Consumers are absolutely empowered through technology now. That means your customers are as well. It has happened and it is a fact. We can’t control that. Sorry to point that out but that is our starting reality.

Here are the key ideas:

  • Customers are in control of defining the experience and will communicate it whether it is good, bad or ugly.
  • You need a monitoring system or command center to stay on top of it, identify the root causes and fix them. Service breakdowns can’t be ignore. They won’t go away on their own. We need to identify them, report them up to senior executives and create a plan to fix the persistent ones.
  • We should define an amazing experience for them and make sure that all touch points that define that journey are aligned to deliver that experience.
  • Develop a continuous improvement process to take improvements to the next level on a regular basis. The average may be your next target but that isn’t the end game.

Our customers are empowered. They know it. Do we?

They know they have influence. Do we know they have influence?

Our customers know they have a voice that is powerful. They know they have more power than ever before. Do we know that they do and do we act like it?

If you are  a member of the C-Suite or executive team, did you receive a report today alerting you to what your customers or clients said about you on Facebook, your call center, Twitter, YouTube, Tumbler, Blogs, Pinterest, etc. (the list is ever evolving). Do you receive it every day? Do you get weekly, monthly, quarterly and annual summaries? Have you engaged with any of them personally yourself? If not, it is a reasonable question why that isn’t important to you?

Even if we aren’t seeing it, other customers (or potential customers) are seeing what is going on. They are forming an opinion of us based on those comments. We can’t control what is being said. We can control how we will react in real time about it. We can control changing the experience in the future.

Say a customer has a bad experience on your web site and they tweet about it. Do we think others have had the same experience and haven’t said anything? You bet they have. Do we think others will find the same thing and either say something or not in the future? Yes they will find it and yes they will say something or not.
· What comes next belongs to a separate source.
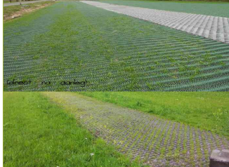
Graslandversteving ±100% groen
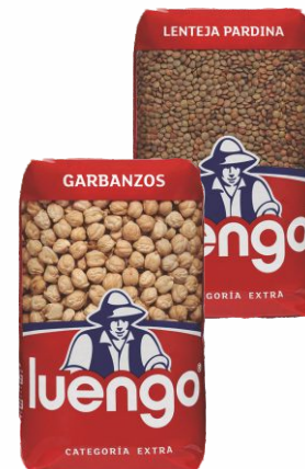
Lentejas Pardina ó Garbanzos Mejicanos LUENGO paquete de 1 Kilo

There is no hiding. If there is one horrible review out there, they will find it and not the 100 positive things others have said about us.

Companies are beginning to listen to what is being said on social media and respond to it if they can. It does require a commitment of resources but it is not going away. More and more customers (or potential customers) are going to share the good, the bad and the ugly about their experience with us.
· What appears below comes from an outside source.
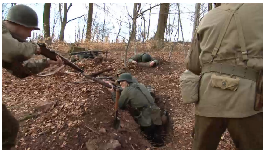
Der Film liegt in zwei Versionen vor: Mit nachgestellter Gefechtszene (44:57 Min.) und ohne (42:28 Min.).

Ergänzend zu den Modulen für den Geschichtsunterricht wurden einige allgemeine Reflexionsfragen für den Einsatz im Politik- oder Philosophie-/ Ethikunterricht zusammengestellt.
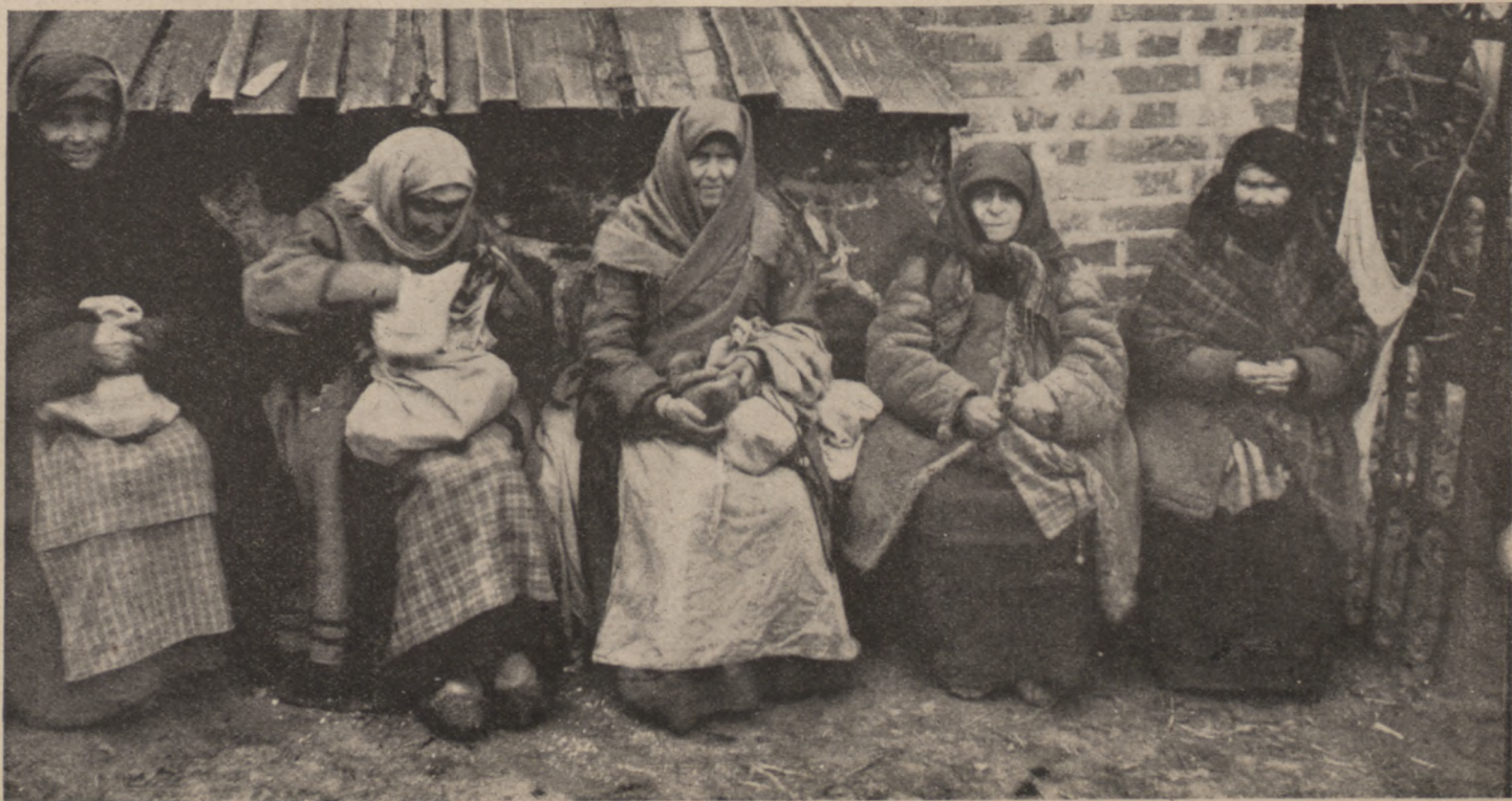
Almosenempfängerinnen vor der Kirche.

Have you started to shift resources into engaging on social platforms? How does that compare to your investment in your call center? Is your call center and social media center integrated in the approach you want your customers to have? We have to manage our online reputation.
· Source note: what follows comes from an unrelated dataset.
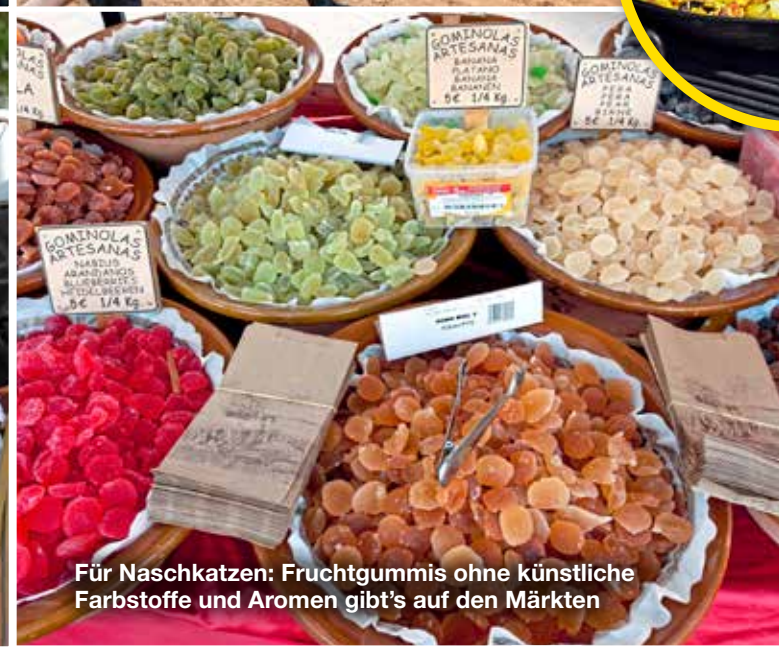
Für Naschkatzen: Fruchtgummis ohne künstliche Farbstoffe und Aromen gibt's auf den Märkten

What are our customers going to align with if we don’t first define the experience up front? What do we want them to be a part of? Now is the time to invest more in the experience rather than improve how the sales transaction occurs. Our future as executives is in creating programs that scream out in splendor. It is about experiences that kindle meaningful and sincere interactions at every turn. At the center of our evolution (or is it a revolution) is the experience. The experience is everything now.